By Chino S. Leyco
The recent move by Fitch Ratings to upgrade the Philippines’ long-term foreign currency rating augurs well for the Philippines’ next global bond offering and provides an endorsement of the Duterte administration’s economic strategy, ranking officials said.
National Treasurer Rosalia B. de Leon welcomed the credit ratings upgrade by debt-watcher Fitch Ratings, which recently assigned a “stable” outlook on the Philippines, as the government prepares the country’s next global bond offering in early next year.
“We welcome this latest favorable action from Fitch, which is a resounding testament to the country’s sustained strong economic fundamentals and favorable growth trajectory,” De Leon said in a statement.

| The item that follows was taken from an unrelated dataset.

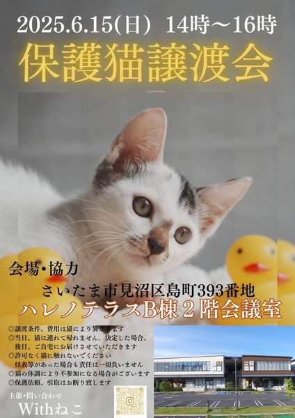 | イベント内容 | 子猫がどんどん保護されれる時期です 留守時間が長いおうちでも 一緒に過ごせる おとな猫も多数参加します いいご縁を結びにいらしてください ☆参加予定猫についてはこちらをご覧ください→譲渡会一週間前にYoutubeにて発表 ※当日、猫の体調・里親決定の場合は不参加になる場合がございます さいたま市近郊で活動している個人ボランティアさんが参加する 冷暖房完備の会議室をお借りして区切られたお部屋で ゆっくり猫と触れ合える環境でのアットホームな譲渡会です 大切に育ててきた子猫から大人猫までが参加します 入場は無料です ☆2019年3月より開催しております こちらの会場で しあわせにゃんこになった数は 400匹以上です ☆一匹一匹清潔な環境で丁寧に健康管理に気を付けて育てています※必要医療は全てかけています ☆里親様のご年齢により 高齢の猫の譲渡も行っています ☆初めて猫を飼う方でも不安がないよう アドバイスさせていただきます 【ご支援のお願い】 おうちで購入したけど食べなかったキャットフード・ペットシート・猫砂等ございましたら お持ちいただければ助かる命があります。ご協力お願いいたします 協力・会場 http://hare-terra.com ハレノテラスB棟 2階会議室【無料駐車場320台】 所在地 埼玉県さいたま市見沼区島町393番地 交通 【お車でお越しの方】 東大宮バイパスからのルート 東大宮バイパスを進み、「深作中」交差点を曲がり、見沼区島町(ハレノテラス)へ 県道5号線(新産業道路)からのルート 県道5号線を進み、「八雲神社入口」交差点を曲がり、さらに進み「東大宮駅入口」を曲がり、見沼区島町(ハレノテラス)へ※島小学校向かい 【電車でお越しの方】 JR宇都宮線(湘南新宿ライン・上野東京ライン)東大宮駅「東口」下車 駅前通りをまっすぐ徒歩13分 【バスでお越しの方】 JR宇都宮線東大宮駅東口より 国際興業バス「大和田駅行き」3分乗車 「東大宮7丁目」バス停 下車徒歩3分 東武野田線大和田駅 国際興業バス「東大宮駅行き」6分乗車 「東大宮7丁目」バス停下車 徒歩3分 ※お見合いをして 譲渡後希望の場合は会場で申し込みをし 譲渡条件と照らし合わせ 決定の場合は 後日 ご自宅へお届けし 譲渡契約を結んでいただきます ※医療費・光熱費の一部等は 譲渡費用のご負担がございます 次の子の保護に使わせていただきます ※猫の飼育に必要な ゲージなどのご購入・脱走防止対策等をお願いします ※購入したけどおうちの猫ちゃんが食べなかったフード・使わなかった猫砂・ペットシート ご支援大歓迎です 主催・お問い合わせ Withねこ https://nekotomo.localinfo.jp Youtube https://www.youtube.com/@withneko2222 Instagram https://www.instagram.com/withneko2222 |

“This augurs well for our next global bond offering even as the market has priced our bonds much tighter than our ratings,” she added.

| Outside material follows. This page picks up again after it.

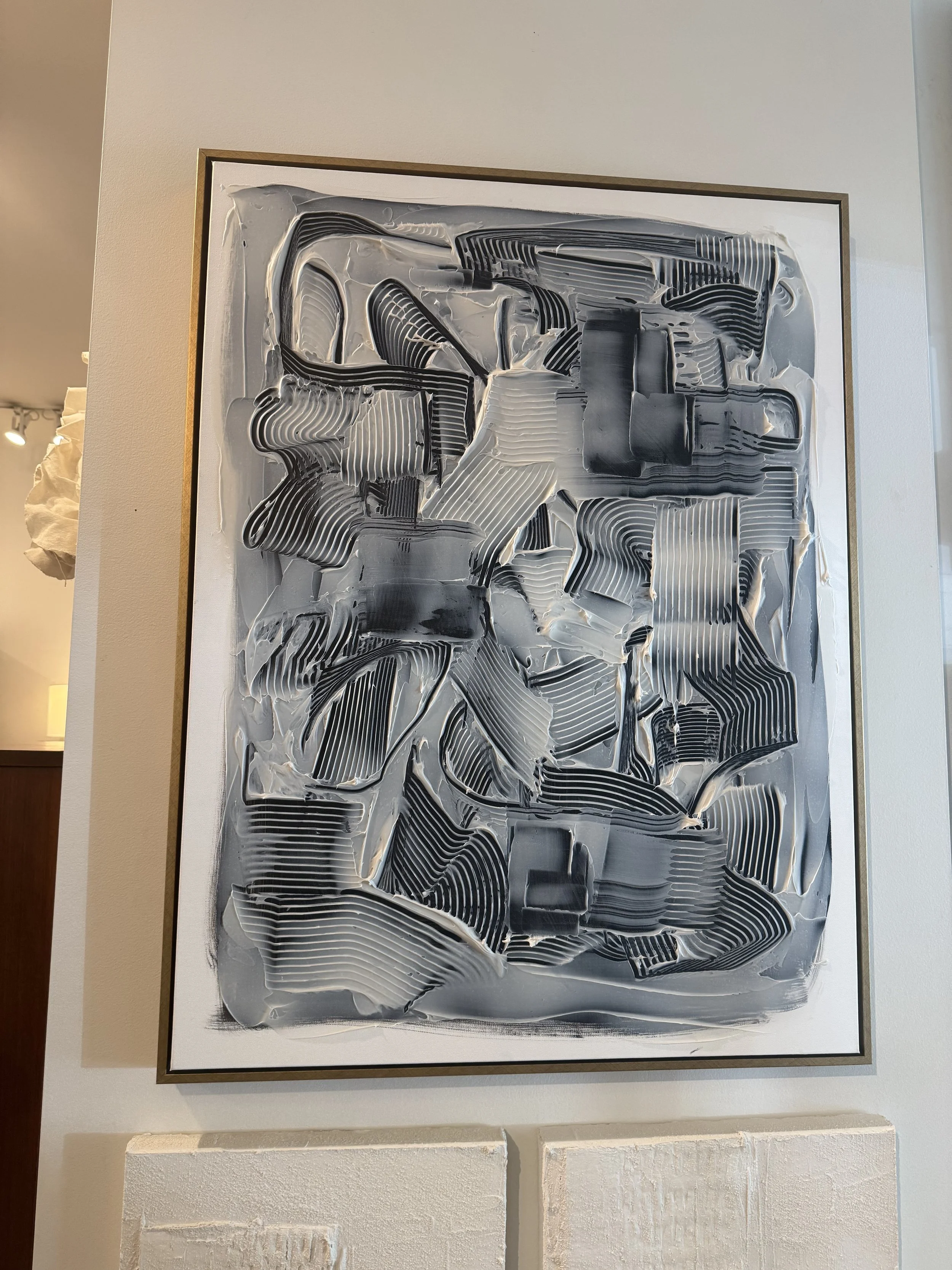 One of our favorite pieces currently on display at City Haus is All Things Go 1. The first in a series of paintings, these truly feel like quintessential Sikora pieces with its lines and shapes that hint toward a piece of her past. While lines aren’t her only motif, the line work is strong. The disjointed patches of white lines fragment what your brain tries to make sense of– a piece of work you can spend hours looking upon! Each one of SIkora’s pieces are one-of-one and make a wonderful investment into your art collection!

The treasury chief said the primary focus of the Duterte administration’s economic team is “on delivering results to create more jobs and improve the lives of our people.”

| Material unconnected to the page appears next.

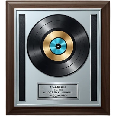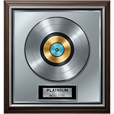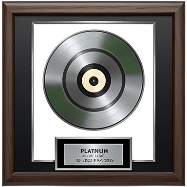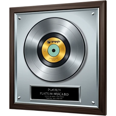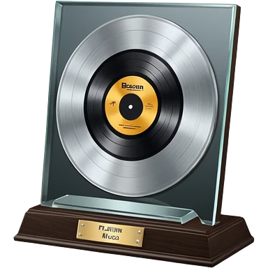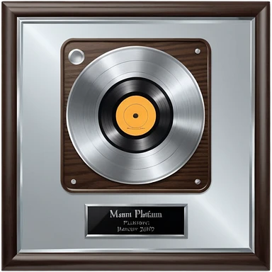 A platinum music award plaque: a square, polished platinum plate with a subtly textured, mirror-like finish, mounted on a simple dark wood base. The center features a relief of a or stylized vinyl record in a slightly darker metallic tone. emoji
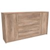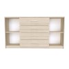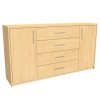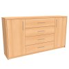 Krajní oddíly skříňky s policemi, v prostřední části 4 zásuvky. Komoda je vyrobena z laminované dřevotřísky s efektními ABS hranami. U komody je možnost výběru hloubky 36 nebo 43 cm.

Finance Undersecretary Gil S. Beltran, for his part, said the upgrade was the result of a stronger public sector finance outlook for the Philippines “brought about by improved tax administration and the expected passage of tax reforms, along with a prudent monetary policy.”
“Also, we have unveiled a ‘Build, Build, Build’ infrastructure program, sectoral reforms and a list of Ease of Doing Business programs that will enhance the competitiveness of domestic industries and boost gross domestic product growth to 7 to 8 percent in the medium term,” Beltran said.
Fitch’s upgrade of the Philippines’ credit rating was the first since March 2013. Its rating for the Philippines is now at par with those of S&P Global Ratings and Moody’s Investor Service.
Finance Secretary Carlos G. Dominguez III said earlier that numerous international banking institutions, including European banks, have expressed interest in the Philippines’ planned 1 billion dollar-denominated global bond float early next year.
Deputy Treasurer Erwin Sta. Ana also said that both banks and potential investors have been providing positive feedback on the planned Republic of the Philippines (ROP) bond issuance.
According to the Treasury, the government plans to borrow P888.227 billion in 2018, with 20 percent or P176.269 billion of the amount sourced from foreign markets.
Dominguez said that, “We are pleased that Fitch is finally convinced that the Philippine economy now is much stronger and more resilient than in 2013, when they granted the Philippines its first investment grade credit rating of BBB-.”